Me: Oh … (then, to try and get the show on the road, I smile winningly at a lady who obviously works there: she is wearing bright orange dungarees with the same meaningless logo as is in the car park in 60 foot high letters and she’s wearing a woolly hat because it’s bloody freezing in this huge, soulless space. It is like a sort of Alt.Hell in here. The woman looks at me for the briefest of instants, then turns. However, in that one, succinct glance that will haunt me even on my death bed, I’m left in no doubt she would cheerfully burn me alive if she had matches).

By now Helene has got to the bathroom section, me lagging behind. She shows me a glossy picture of a bathroom with sunlight pouring in through a large velux.

Me: Now that is nice.

Actually, what she is showing me really is exactly what I had in mind when I got around to thinking about it — which, admittedly, is only just this minute. It’s got white metro tiles and big Edwardian basins and basically reminds me of boarding school, but in a good way. However as soon as I say it, I know I’ve blown my chance.

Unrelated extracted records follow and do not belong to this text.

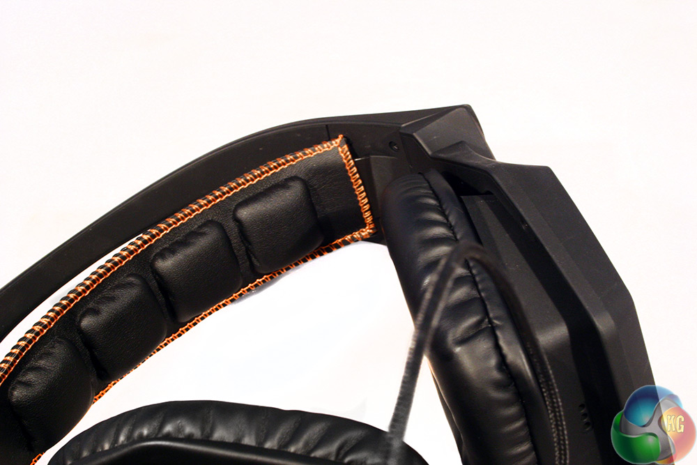The headband is a nice mix of black leather and orange stitching, which gives it a real quality look and feel. The fact that the headband and plastic frame are separate is testament to its ability to take some damage – as it keeps everything as flexible as possible.
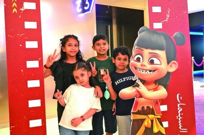 6月25日,在沙特阿拉伯利雅得,观众在《哪吒之魔童闹海》的宣传展板前拍照留念。新华社发
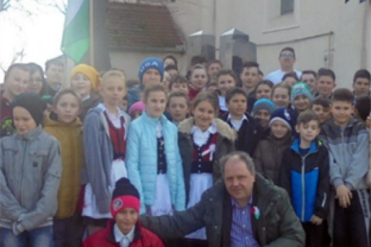 A Rákossi Lajos Általános Iskola pedagógusai, diákjai koszorúzással, illetve verses-zenés műsorral e...
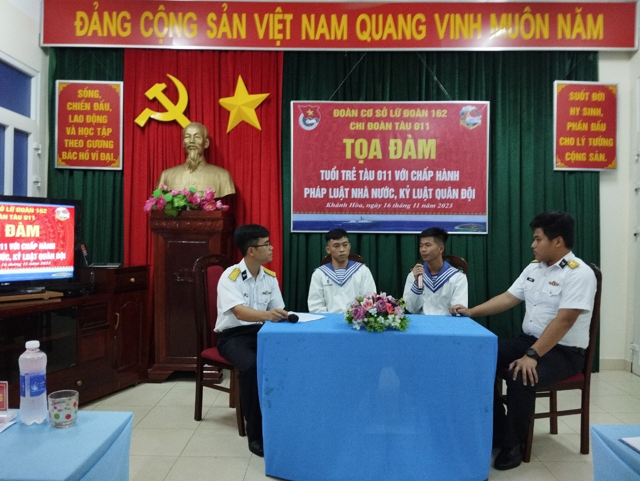Tối 16/11, tại TP. Cam Ranh, tỉnh Khánh Hòa, Chi đoàn Tàu 011 - Đinh Tiên Hoàng, Lữ đoàn 162, Vùng 4 Hải quân tổ chức tọa đàm chủ đề “Tuổi trẻ Tàu 011 với pháp luật nhà nước, kỷ luật quân đội”.
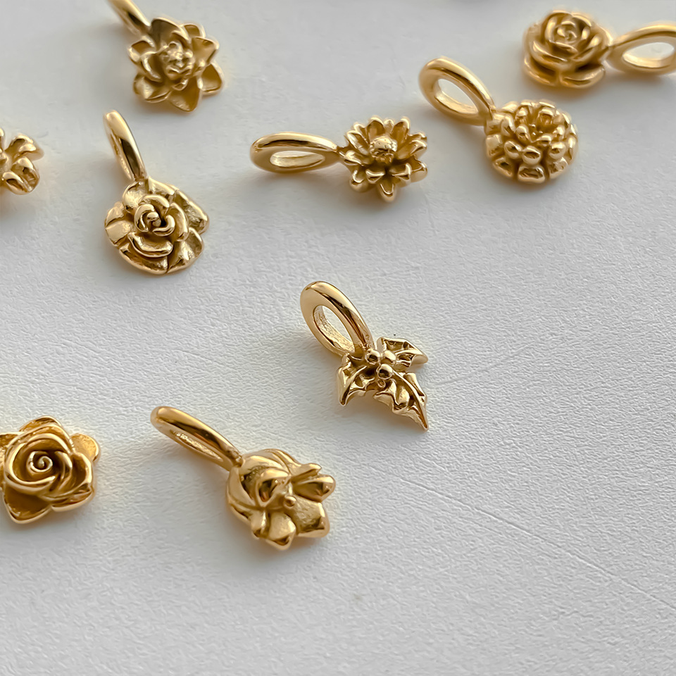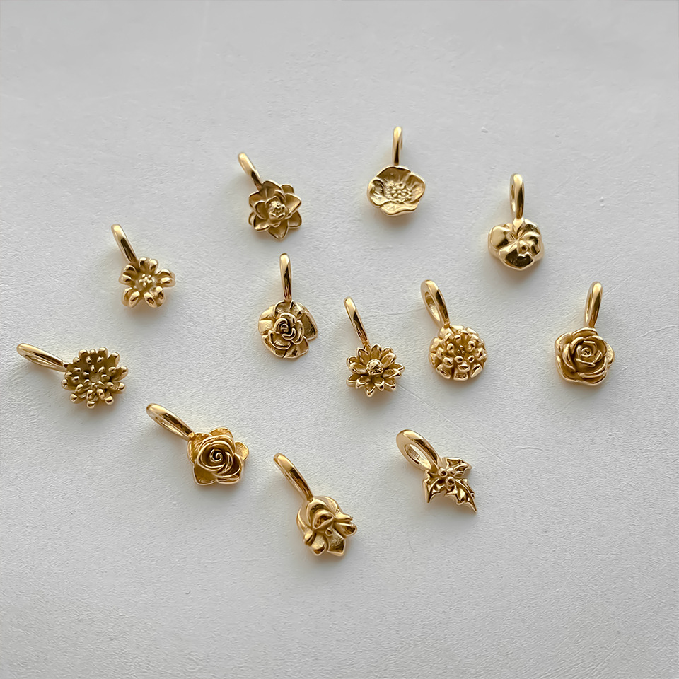 Colors: January Carnation—Gold, January Carnation—Steel, February Violet—Gold, February Violet—Steel, March Cherry Blossom—Gold, March Cherry Blossom—Steel, April Daisy—Gold, April Daisy—Steel, May Lily of the Valley—Gold, May Lily of the Valley—Steel, June Rose—Gold, June Rose—Steel, July Lotus—Gold, July Lotus—Steel, August Poppy—Gold, August Poppy—Steel, September Peony—Gold, September Peony—Steel, October Marigold—Gold, October Marigold—Steel, November Chrysanthemum—Gold, November Chrysanthemum—Steel, December Holly—Gold, December Holly—Steel
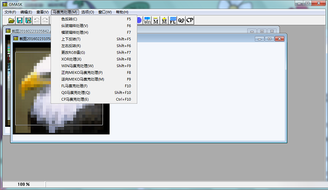 CP马赛克、QO马赛克、FL马赛克、正向MEKO马赛克、逆向MEKO马赛克、WIN马赛克、横毛玻璃、纵毛玻璃、正负片反转、左右反转、上下反转、XOR0X80、更换RGB值。
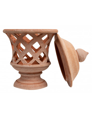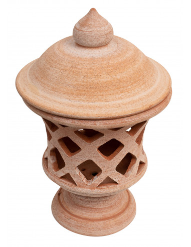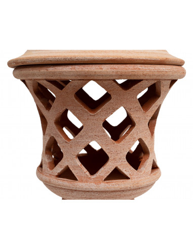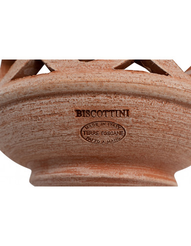 Фенер, изработен ръчно от тосканска глина, с размери диаметър 35 см, височина 55 см. Изработката и изпичането следват старите тоскански традиции. Качеството на глината и системата на изпичане правят фенера много устойчив на студ. Изработката, изцяло ръчна, прави всеки артикул уникален. За любителите на интериора в стил кънтри, шаби шик и за тези, които обичат да обзавеждат дома си в рустик стил, Biscottini предлага широка гама от артикули за интериорен и екстериорен дизайн, незаменими за обзавеждането на всякакъв тип помещения и пространства.
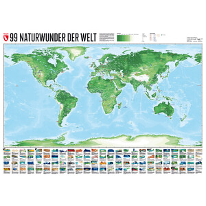 Pământul este frumos și pe toate continentele planetei noastre se găsesc locuri fascinante, create de natura și care uimesc oamenii de mii de ani. Cascade uriașe, ape și țărmuri cu culori ciudate, deșerturi aparent nesfârșite sau formațiuni roci și plante bizare. Pe tot globul există mii de astfel de locuri și regiuni minunate. Această hartă a lumii prezintă o mică selecție de 99 de minuni ale naturii cu totul speciale de pe cele șase continente locuite.
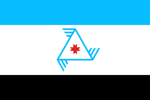 В центре — красный греческий крест с клиновидно раздвоенными плечами. Белая полоса занимает половину ширины всего флага, лазоревая и чёрная — по одной четверти. Отношение ширины флага к его длине — 2:3[2].

I should have ummed and tutted and pointed at other things, then, several hours later, we could come back to this particular bathroom — the first we saw — and buy that. After 20 years, I know it’s what we always do. And generally it works: we agree with each other’s taste and like where we live.

And, in the end, that is indeed just what we did. We will shortly have a bathroom that replicates my Prep School circa 1977 (or a loo in Hotel du Vin 2017).

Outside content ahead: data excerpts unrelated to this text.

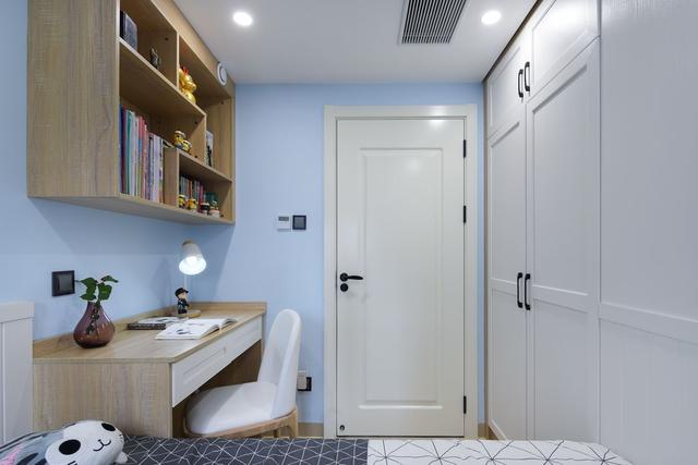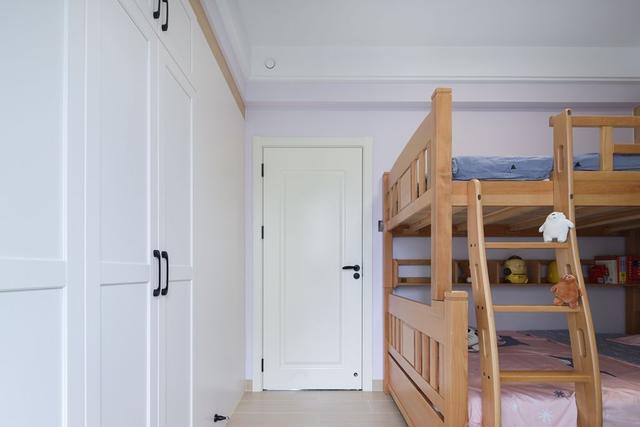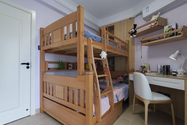 儿童房整面墙的收纳柜设计,保证了充足的收纳空间,让空间井井有条。高低床提高了空间利用率,利用空间结构布置简易桌和置物架。
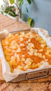 - Carefully pour the hot pineapple mixture evenly over the cake, making sure it seeps into the holes. Let the cake cool completely so the flavors can absorb.
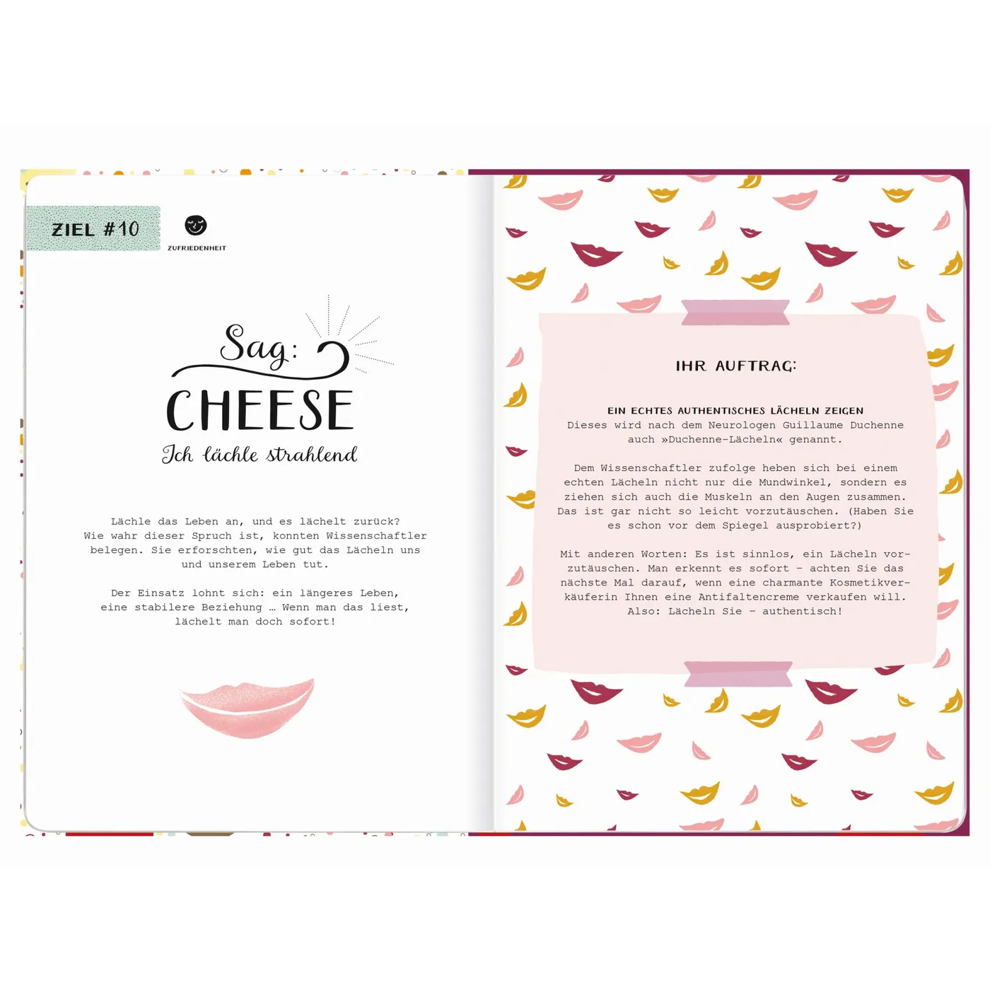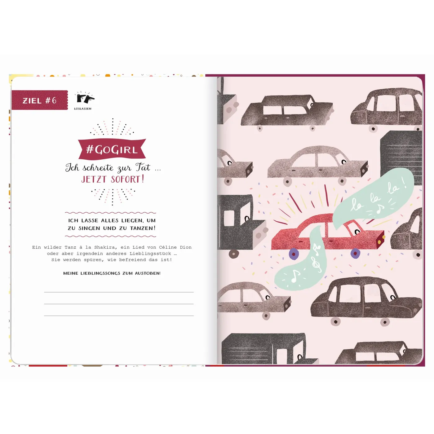 Jede Doppelseite gibt Tipps und Inspiration für mehr Selbstbewusstsein und Motivation im Alltag. Anregungen wie „Man ist glücklicher, wenn man anderen eine Freude macht. Schreibe eine Postkarte mit aufbauenden Worten an eine Freundin“, sind liebevoll typografisch gestaltet. Sie machen Lust, selbst kreativ zu werden. Die ansprechenden Illustrationen machen das Eintragbuch zum Ausfüllen zu etwas ganz besonderem. Es passt wunderbar in eine Handtasche und ist somit stets zur Hand, wenn eine kreative Idee das Licht der Welt erblickt.
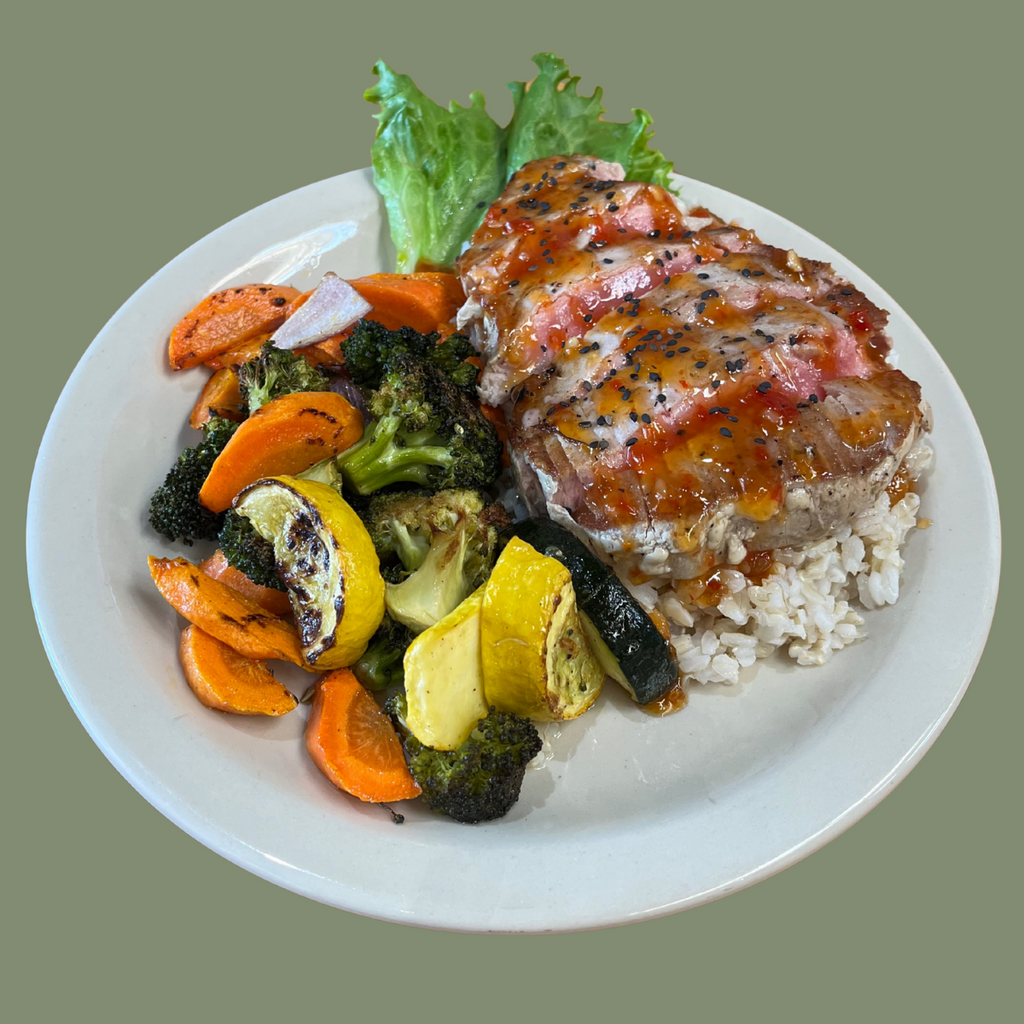 Seared Ahi Tuna brushed with a sweet chili glaze, served over a bed of brown rice with a side of roasted vegetables.

Therefore, if we’re both making the same decision based on shared taste, we’re obviously just arriving at it in different ways. Or so you would think …

My wife appears to want dialogue — at least she requires there to be some back and forth until each person has contributed to a sort of pros and cons checklist. Because of this, I always kind of assumed that decision makers come in two sizes (retail boredom has reduced me to philosophising):

  • Knee-jerk decision makers (me)
  • Ponderers, the more objective (Mrs B)

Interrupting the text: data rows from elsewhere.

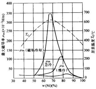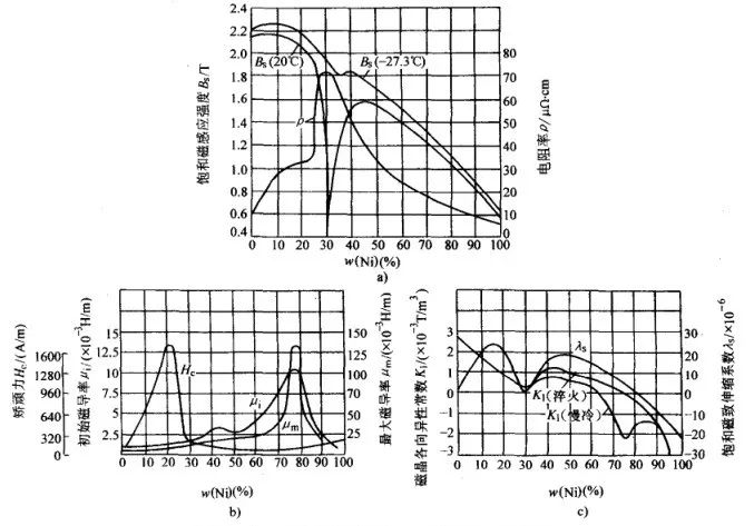 ▲圖18 鐵鎳合金的各種磁性能與鎳含量的關系
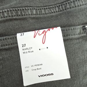 VIGOSS Mid Rise Crop Boot Jeans Size 27 Olive Green – Trendy Fit - military chic, utility casual, Y2K revival. Pair with a cropped leather jacket and chunky boots for an effortless utility‑meets‑urban edge; perfect for brunch with friends or casual Friday at work.
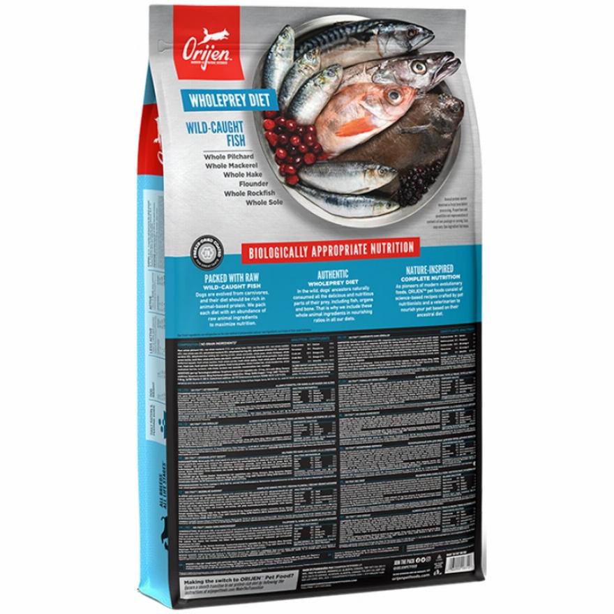 H πλήρης τροφή χωρίς σιτηρά Orijen Six Fish με ψάρι για όλα τα σκυλάκια με αλλεργίες και δυσανεξίες, ανεξαρτήτως ηλικίας και φυλής. Συγκεκριμένα, αποτελείται από 85% πρωτεϊνης ποιοτικών ζωικών συστατικών, με 6 διαφορετικά φρέσκα και ολόκληρα ψάρια αλμυρού νερού, αλιευμένα με βιώσιμο τρόπο, τα οποία είναι υψηλά σε πρωτεΐνη και λιπαρά οξέα, καθώς επίσης περιέχει υγιεινά φρούτα και λαχανικά της εποχής τα οποία είναι πλούσια σε αντιοξειδωτικά συστατικά που ενισχύουν το ουροποιητικό του σύστημα και έχουν αντιφλεγμονώδη δράση και αντικαρκινικές ιδιότητες. Η τροφή αυτή είναι χαμηλή σε υδατάνθρακες και βοηθούν στην υποστήριξη των υγειών επιπέδων σακχάρου στο αίμα, είναι άριστη διατροφή και επιτυγχάνει την διατήρηση του ιδανικού σωματικού βάρους. Η τροφή αυτή περιέχει χόρτα οπού καθαρίζουν το αίμα και ρυθμίζουν την σπλήνα και το συκώτι. Παράλληλα, βοηθά στην ομαλή λειτουργιά του πεπτικού. Ο σκύλος επωφελείται από τις βιταμίνες, τα μέταλλα και τα ιχνοστοιχεία που έχουν τα φυτά. Είναι μια τροφή πλούσια σε θρεπτικά συστατικά με ασυναγώνιστη γεύση που όλα τα σκυλάκια θα λατρέψουν. Είναι τα απαραίτητα και αναγκαία συστατικά που χρειάζεται το σκυλάκι σας για μία γρήγορη και σωστή ανάπτυξη των μυών και των οστών του. Τα 2/3 της τροφής αποτελούνται από φρέσκα ή ωμά συστατικά και μόνο το 1/3 από αφυδατωμένα ή αποξηραμένα συστατικά Η Orijen Six Fish συνιστά επομένως την ολοκληρωμένη λύση για μια ισορροπημένη και υγιή ζωή του μικρού σας σκύλου!

However, I’ve come to the realisation this afternoon that once the latter group has gone through all their processes, they abruptly bin all that carefully-thought out objective data and change tack: essentially (and I’ve seen this hundreds of times, houses we have bought, clothes, cars, kitchens and with soft furnishings) they arrive at the decision by a brief process of testing their emotional response to the alternatives, i.e. by gut — exactly the same as me.

Both have their advantages: my method is quicker, but I can never be sure if it is the right decision, I’ve just learned not to let it bother me. The other type of person has taken longer (wasted time, you might think), but I notice the mullers are generally surer of the result. They have savoured the decision, and appreciate the anticipated outcome. I am a decision glutton, Helene a connoisseur.

But, the point is neither is really objective, or rational in the literal sense.

At best the impartiality is just a run up, but the actual leap is always one of faith.